While it may be important to show separation between an AI investment strategy and a Biorevolution investment strategy, when it comes to solving real problems, that need for separation will tend to melt away in its importance.

Statement of the Problem: Omicron

Many across Europe and the United States had a certain picture of their expectations for the 2021 holiday season—a picture that was largely shattered on 26th November 2021 when the World Health Organization designated a strain of coronavirus in South Africa as a ‘variant of concern’—known now as ‘Omicron1.’ 

 

The primary question for the global health system was simple: If we accept that Omicron represents a certain degree of mutation of the Coronavirus itself, would the vaccines already widely distributed maintain their efficacy? 

 

This is one of those questions that is simple to ask, very intuitive, but far more difficult to answer with any degree of accuracy. 

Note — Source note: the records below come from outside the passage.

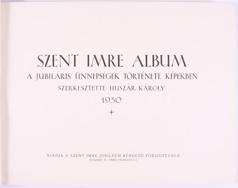 Szent Imre album. A jubiláris ünnepségek története képekben. Szerk.: Huszár Károly. Bp., 1930, Szent Imre Jubileum Rendező Főbizottsága. Kiadói papírkötés, kopottas állapotban.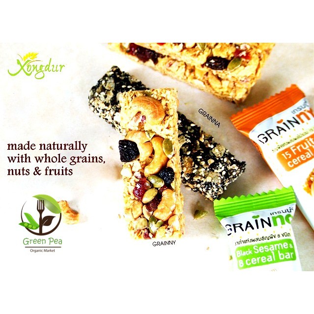 Xongdur เกรนนี่ ขนมธัญพืชแท่งผสมผลไม้รวม [แพค5แท่ง] Organic Grainny Fruit cerea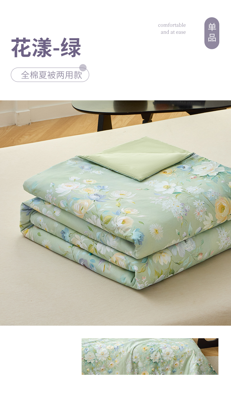 商品名称:元元家居(元元被业) 2026新款全棉纯棉13372印花两用夏被夏凉被空调被 花漾绿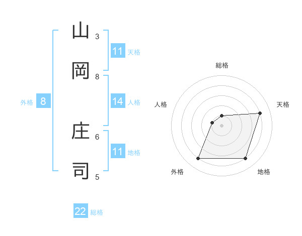 山岡 庄司さんの総格は22画の1点!

AI: Creating New Options & Techniques

There are well known procedures that scientists use to reveal the three-dimensional structure of proteins. Sometimes, electron microscopes are used, the concept being that if there could be a picture of how the coronaviruses bind with and enter human cells, then you can learn about and assess an initial view about the effectiveness of a given vaccine. 

 

The often mentioned ‘spike protein’ is critical in the binding process, thereby lending the intuition that if mutations cause significant changes to the spike protein, it could be more problematic for existing treatments. 

 

If Omicron is very different, there would be less chance the existing vaccines would still be as effective. If Omicron is similar, there would be more chance that existing vaccines would work. As a baseline2:

 

  • Omicron contains 15 mutations in the receptor binding domain, specifically how the spike protein binds to neutralising antibodies.

 

  • In contrast, the Delta variant contains seven mutations across the entire spike protein, only two of which are in the receptor binding domain.

 

But scientists using these techniques have a specific constraint: they need actual physical material to be sent in order to view under the electron microscope.

 

What if scientists could start answering the question of effectiveness before receiving any physical supplies? Enter artificial intelligence.

 

There was a researcher in Charlotte, North Carolina, able to use publicly available artificial intelligence software to predict the structure of Omicron, with the idea of focusing on the possible effectiveness of antibodies to previous Coronavirus strains. This work was able to be done by early December 2021—after the initial announcements went global on 26th November3.

 

By 21st December, results from traditional approaches—like those using the electron microscope—became available, and they confirmed that the predictions from the AI software of the Omicron structure were almost exactly right.

 

This is exciting not because of Omicron, but because of the universal applicability of this concept—we know there are bound to be more viruses and this approach could very well be utilised for all of them4.

 

The prediction arising from this work was that existing vaccines would have a tougher time guarding against Omicron because of the changes in the structure, specifically in the region where a human’s neutralising antibody would aim to bind with the spike protein.

 

As of writing this in mid-January 2022, this appears to have been accurate, even if we recognise experiences of individuals can vary.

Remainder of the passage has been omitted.